Now that we setted the baseline model, let's deep into this and try to improve it. The first thing that comes to my mind after implementing a Machine Learning model on my data is that I would like to find a way to have the best settings possile of my baseline model by finding first the best combination of vectorizer and model architecture to have the best accuracy score possible.

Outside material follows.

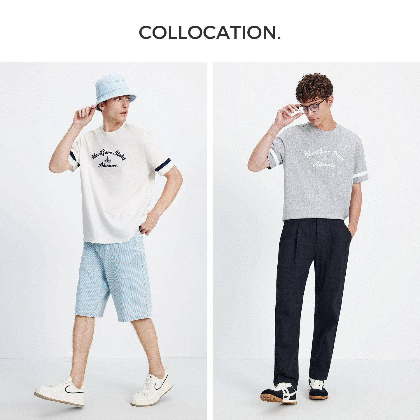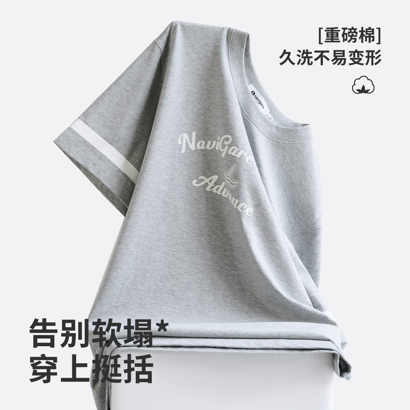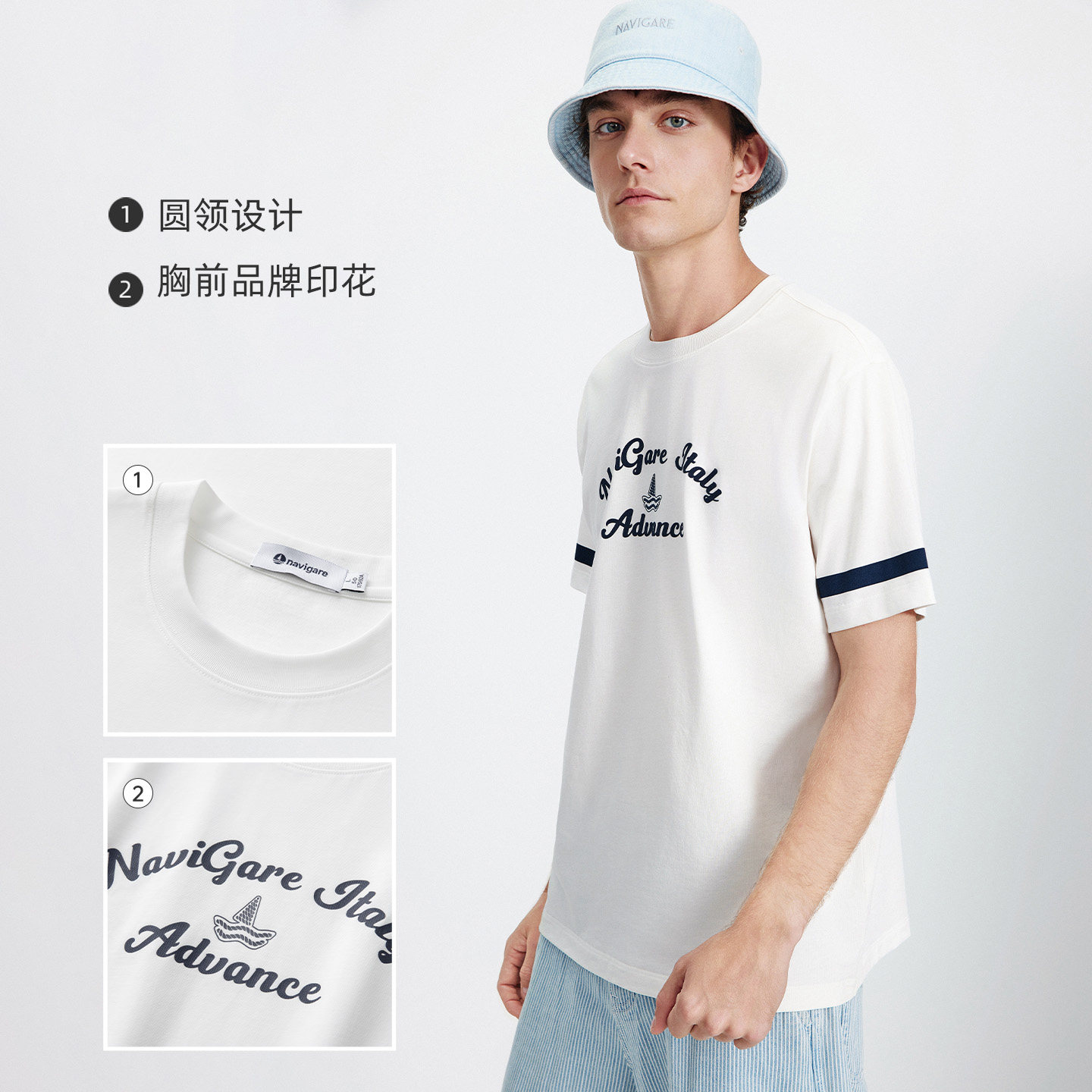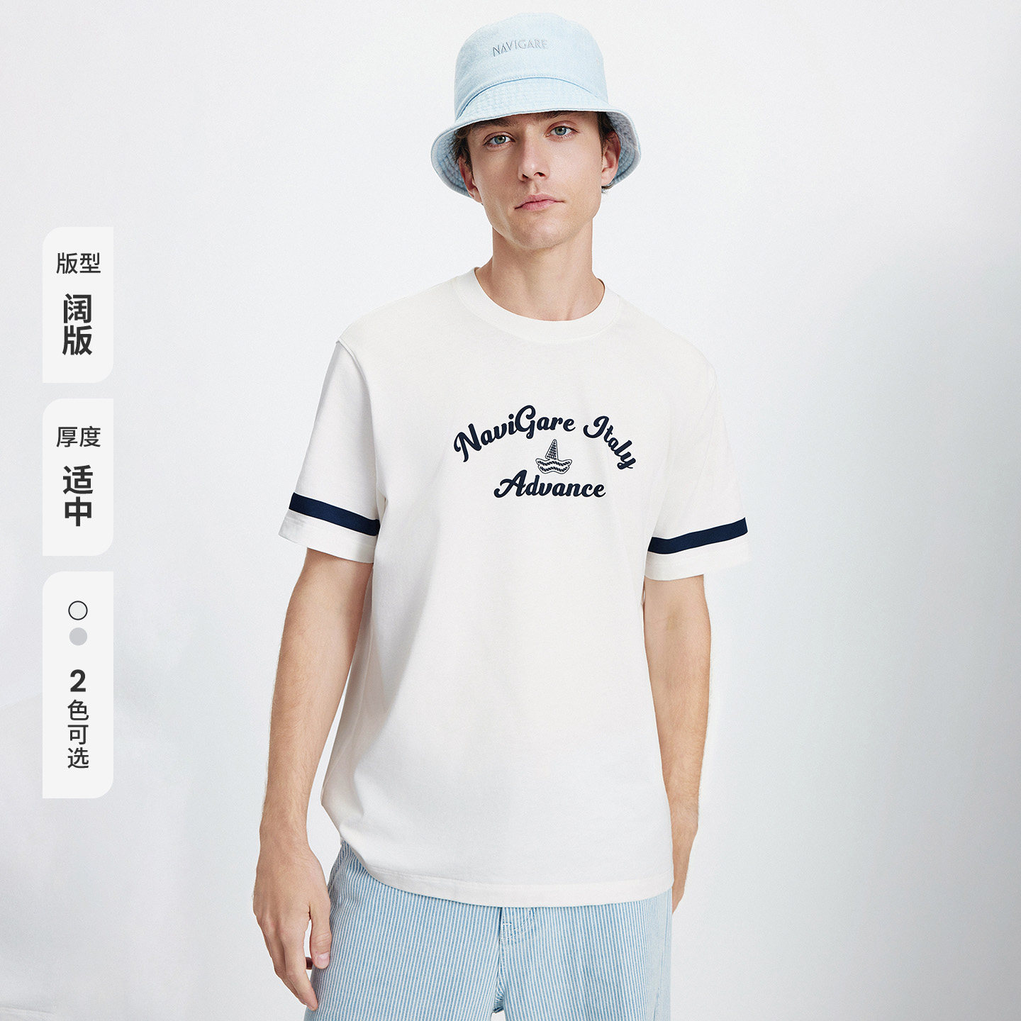 [凉感]Navigare意大利小帆船圆领纯棉T恤男2026夏季宽松短袖体恤

To do this, let's use sklearn.model_selection.GridSearchCV that will allow us to find directly the best combination possible given a bunch of combination :

#### Parameters of our GridSearchCV

For running time purposes, many model architectures are commented but have been tested and give the same result :

In [16]:
parameters = {
    'Vectorizer': [CountVectorizer(preprocessor=preprocess_text), TfidfVectorizer(preprocessor=preprocess_text)],
    'Model_Architecture': [MultinomialNB(), SVC(random_state=42)]
}
# OTHER MODEL ARCHITECTURES TESTED :
# RandomForestClassifier(random_state=42), KNeighborsClassifier(), XGBClassifier(random_state=42), LogisticRegression(), GradientBoostingClassifier(random_state=42)

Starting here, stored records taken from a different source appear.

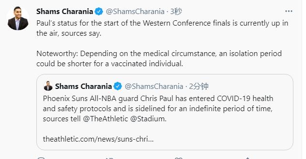 先说太阳:根据美国名记Shams报道,刚刚4:0横扫掘金晋级西决的太阳队,突然传来了坏消息,球队当家控卫,太阳队绝对的组织核心克里斯保罗,因触发新冠安全协议,将遭遇无限期缺阵。相信这一消息对于刚刚晋级的太阳队来说,晋级西决的屁股还没坐热了,就遇到个这情况。对太阳来说太难接受了。
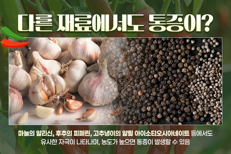 이러한 증상은 고추 속 캡사이신뿐 아니라 마늘의 알리신, 후추의 피페린, 고추냉이(혹은 겨자)의 알릴 아이소티오시아네이트 등에서도 나타나는데요. 캡사이신만큼 강한 반응은 일반적으로 적지만, 성분이 다량 농축되어 있으면 증상이 나타날 수 있습니다.
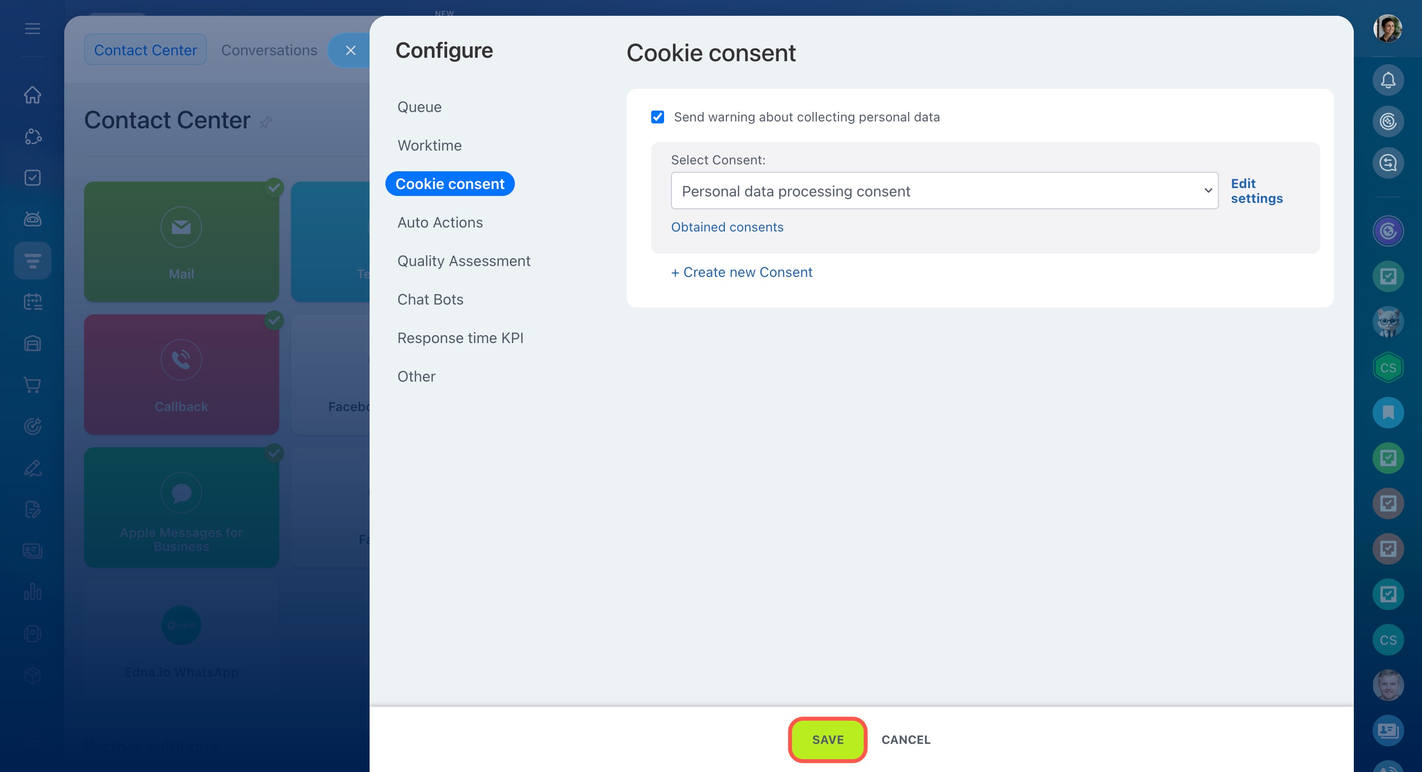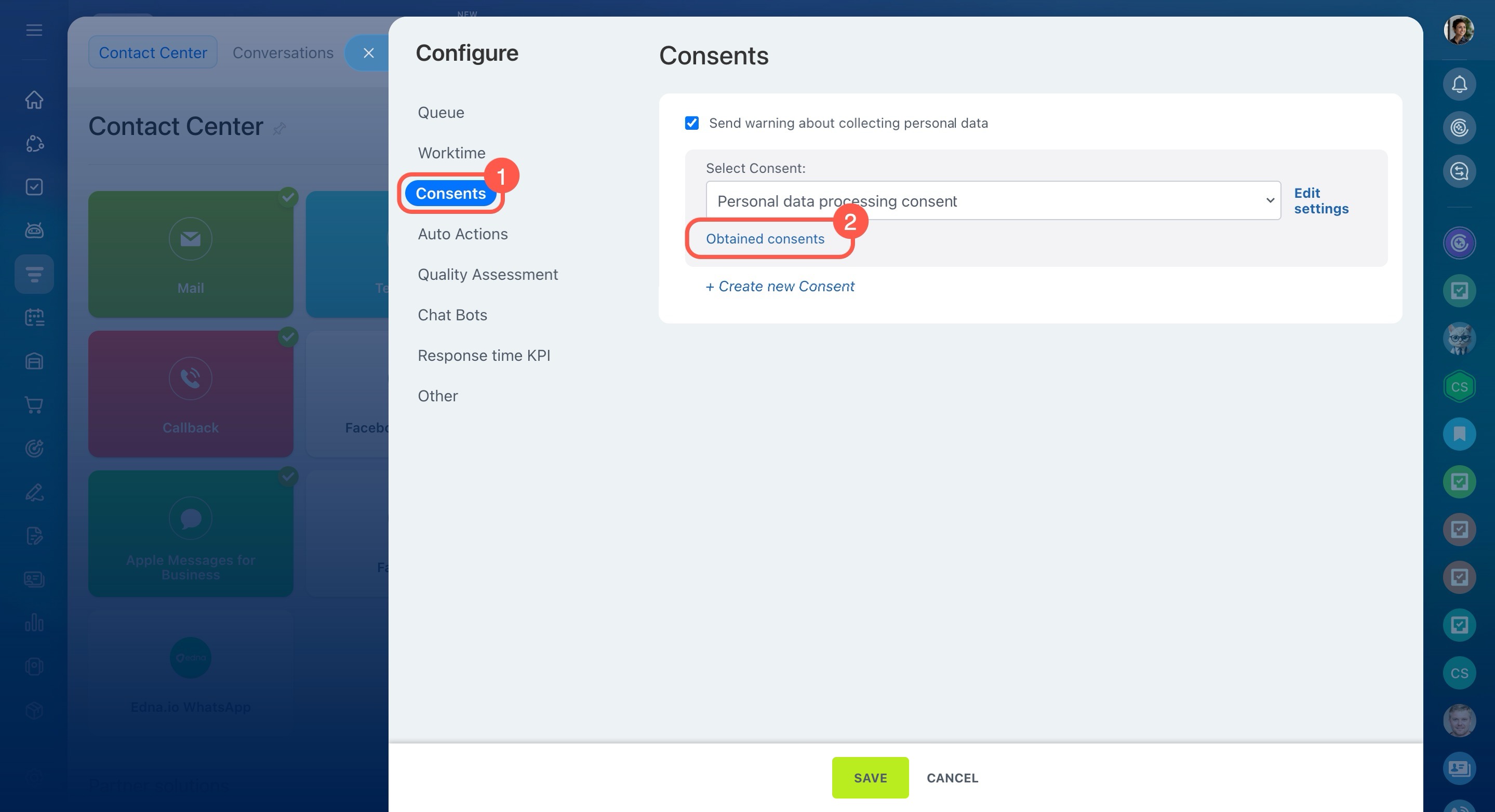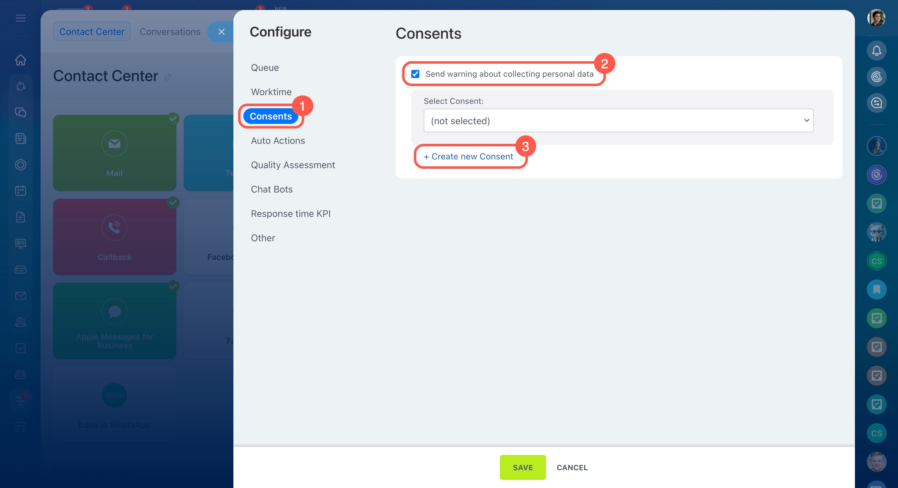 In many countries, including those in the European Union under GDPR, companies are legally required to get customer consent before collecting or using personal data. In Bitrix24, you can automatically request this consent when communicating through Open Channels like live chat or messengers.

To be able to run that method of search with our class I created a Model.fit_with_grid_search() method in the mlModel.py file :

In [17]:
# Instantiate the model
baseline_model = Model(X, y, MultinomialNB(), CountVectorizer(preprocessor=preprocess_text))

# Fit with GridSearchCV
baseline_model.fit_with_grid_search(parameters)

# Get the best estimator
best_estimator = baseline_model.grid_search.best_estimator_

# Get the accuracy score
accuracy_score = baseline_model.grid_search.best_score_

# Print the best parameters and accuracy score
print("Best parameters:", baseline_model.grid_search.best_params_)
print("Best accuracy score:", accuracy_score)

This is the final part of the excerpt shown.